[[ DATA FOR REVIEW, beginning ]]
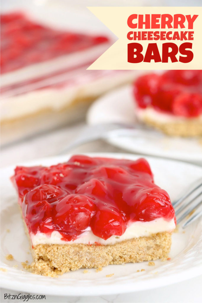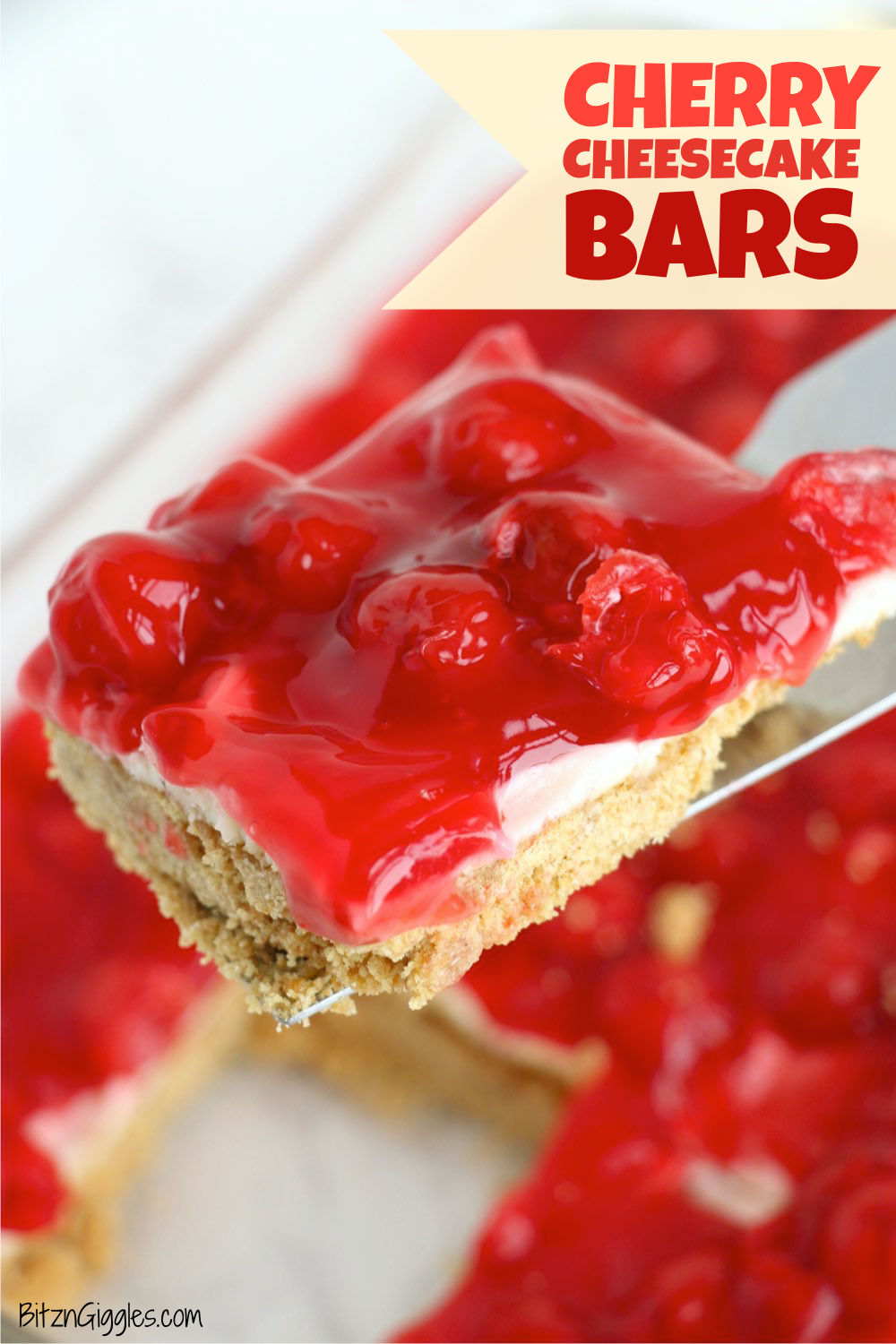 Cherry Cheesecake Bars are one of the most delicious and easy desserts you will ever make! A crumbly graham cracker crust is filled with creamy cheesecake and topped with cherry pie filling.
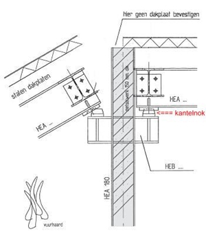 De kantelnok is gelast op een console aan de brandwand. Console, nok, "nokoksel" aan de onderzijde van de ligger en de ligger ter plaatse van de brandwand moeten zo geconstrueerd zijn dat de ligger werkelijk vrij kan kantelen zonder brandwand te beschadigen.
[[ DATA FOR REVIEW, end ]]
[[ DATA FOR REVIEW, beginning ]]
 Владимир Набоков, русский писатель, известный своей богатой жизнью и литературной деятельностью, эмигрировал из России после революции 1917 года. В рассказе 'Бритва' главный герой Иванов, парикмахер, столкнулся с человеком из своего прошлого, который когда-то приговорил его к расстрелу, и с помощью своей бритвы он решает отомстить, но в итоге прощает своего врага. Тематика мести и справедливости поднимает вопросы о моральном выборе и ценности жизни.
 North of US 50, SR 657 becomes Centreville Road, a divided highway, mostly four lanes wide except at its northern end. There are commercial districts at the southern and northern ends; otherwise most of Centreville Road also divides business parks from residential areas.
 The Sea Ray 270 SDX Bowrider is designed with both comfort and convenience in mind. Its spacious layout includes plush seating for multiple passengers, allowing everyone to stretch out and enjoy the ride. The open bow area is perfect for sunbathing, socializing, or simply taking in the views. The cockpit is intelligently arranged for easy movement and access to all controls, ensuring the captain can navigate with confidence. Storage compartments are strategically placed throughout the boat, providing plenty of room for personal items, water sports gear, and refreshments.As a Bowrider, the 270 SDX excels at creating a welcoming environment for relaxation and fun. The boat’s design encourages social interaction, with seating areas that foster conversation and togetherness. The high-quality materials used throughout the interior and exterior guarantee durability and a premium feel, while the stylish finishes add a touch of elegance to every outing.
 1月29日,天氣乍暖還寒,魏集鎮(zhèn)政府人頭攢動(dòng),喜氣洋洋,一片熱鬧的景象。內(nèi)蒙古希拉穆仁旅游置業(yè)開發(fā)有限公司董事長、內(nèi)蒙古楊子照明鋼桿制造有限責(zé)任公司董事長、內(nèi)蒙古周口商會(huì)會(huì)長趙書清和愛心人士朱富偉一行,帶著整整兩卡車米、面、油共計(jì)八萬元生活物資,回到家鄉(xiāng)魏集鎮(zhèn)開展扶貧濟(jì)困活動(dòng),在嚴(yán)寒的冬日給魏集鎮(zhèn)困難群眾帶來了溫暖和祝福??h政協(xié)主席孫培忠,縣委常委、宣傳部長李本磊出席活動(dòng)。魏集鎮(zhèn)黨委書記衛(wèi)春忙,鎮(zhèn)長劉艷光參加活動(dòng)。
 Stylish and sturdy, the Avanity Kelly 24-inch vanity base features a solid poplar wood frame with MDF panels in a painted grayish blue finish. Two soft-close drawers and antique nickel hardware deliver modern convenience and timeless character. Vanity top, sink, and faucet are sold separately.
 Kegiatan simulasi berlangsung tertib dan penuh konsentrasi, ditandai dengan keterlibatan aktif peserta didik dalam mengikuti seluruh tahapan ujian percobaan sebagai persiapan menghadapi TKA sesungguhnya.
[[ DATA FOR REVIEW, end ]]
→ ACTION ITEM
Only the lines of the listing above from the one with "Cherry Cheesecake Bars" through the one with "De kantelnok is" should be output, exactly, with both ends kept and pictures left out.

→ ANSWER SPACE
 Cherry Cheesecake Bars are one of the most delicious and easy desserts you will ever make! A crumbly graham cracker crust is filled with creamy cheesecake and topped with cherry pie filling.
 De kantelnok is gelast op een console aan de brandwand. Console, nok, "nokoksel" aan de onderzijde van de ligger en de ligger ter plaatse van de brandwand moeten zo geconstrueerd zijn dat de ligger werkelijk vrij kan kantelen zonder brandwand te beschadigen.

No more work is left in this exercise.